> Work instructions:
Nothing outside the lines below from the one containing "婧麒带胸垫月子服孕妇冬产后哺乳睡衣女怀孕期产妇喂奶磨绒家居服" through the one containing "Can we doubt" is to be printed; print those exactly, ends included, and drop the pictures.

> Excerpted data:
**********
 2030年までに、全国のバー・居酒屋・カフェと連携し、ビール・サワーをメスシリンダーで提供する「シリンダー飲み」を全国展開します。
**********
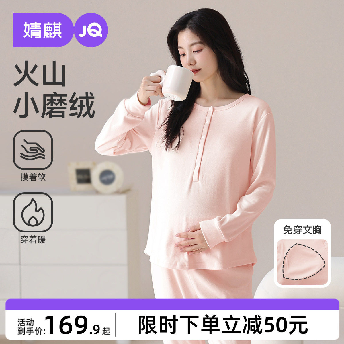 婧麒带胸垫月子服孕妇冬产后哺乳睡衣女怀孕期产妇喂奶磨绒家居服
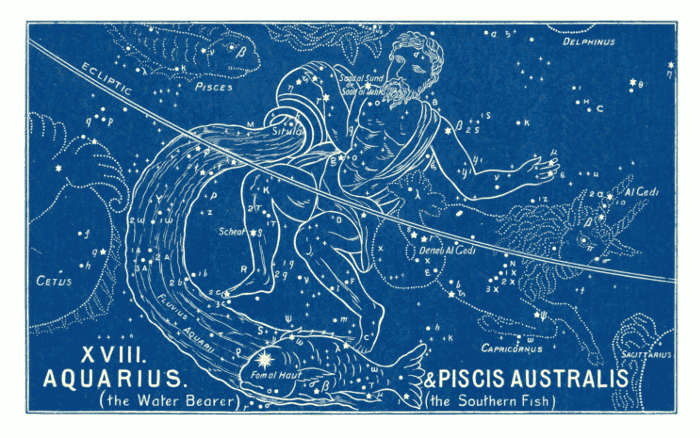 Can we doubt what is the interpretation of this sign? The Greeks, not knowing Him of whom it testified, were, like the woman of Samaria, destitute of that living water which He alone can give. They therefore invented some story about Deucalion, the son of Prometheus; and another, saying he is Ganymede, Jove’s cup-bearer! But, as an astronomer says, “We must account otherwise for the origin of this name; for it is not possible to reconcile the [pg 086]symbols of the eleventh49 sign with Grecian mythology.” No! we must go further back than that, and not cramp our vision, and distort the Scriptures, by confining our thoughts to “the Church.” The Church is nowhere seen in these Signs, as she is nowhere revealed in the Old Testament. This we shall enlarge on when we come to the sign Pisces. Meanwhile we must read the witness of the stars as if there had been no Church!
**********
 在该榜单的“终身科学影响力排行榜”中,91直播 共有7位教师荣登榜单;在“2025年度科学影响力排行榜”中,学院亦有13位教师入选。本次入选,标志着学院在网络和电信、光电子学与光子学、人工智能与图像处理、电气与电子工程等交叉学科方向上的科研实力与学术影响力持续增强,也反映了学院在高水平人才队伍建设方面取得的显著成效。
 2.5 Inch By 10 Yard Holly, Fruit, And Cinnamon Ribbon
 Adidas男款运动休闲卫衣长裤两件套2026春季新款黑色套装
**********
> Expected answer:
 婧麒带胸垫月子服孕妇冬产后哺乳睡衣女怀孕期产妇喂奶磨绒家居服
 Can we doubt what is the interpretation of this sign? The Greeks, not knowing Him of whom it testified, were, like the woman of Samaria, destitute of that living water which He alone can give. They therefore invented some story about Deucalion, the son of Prometheus; and another, saying he is Ganymede, Jove’s cup-bearer! But, as an astronomer says, “We must account otherwise for the origin of this name; for it is not possible to reconcile the [pg 086]symbols of the eleventh49 sign with Grecian mythology.” No! we must go further back than that, and not cramp our vision, and distort the Scriptures, by confining our thoughts to “the Church.” The Church is nowhere seen in these Signs, as she is nowhere revealed in the Old Testament. This we shall enlarge on when we come to the sign Pisces. Meanwhile we must read the witness of the stars as if there had been no Church!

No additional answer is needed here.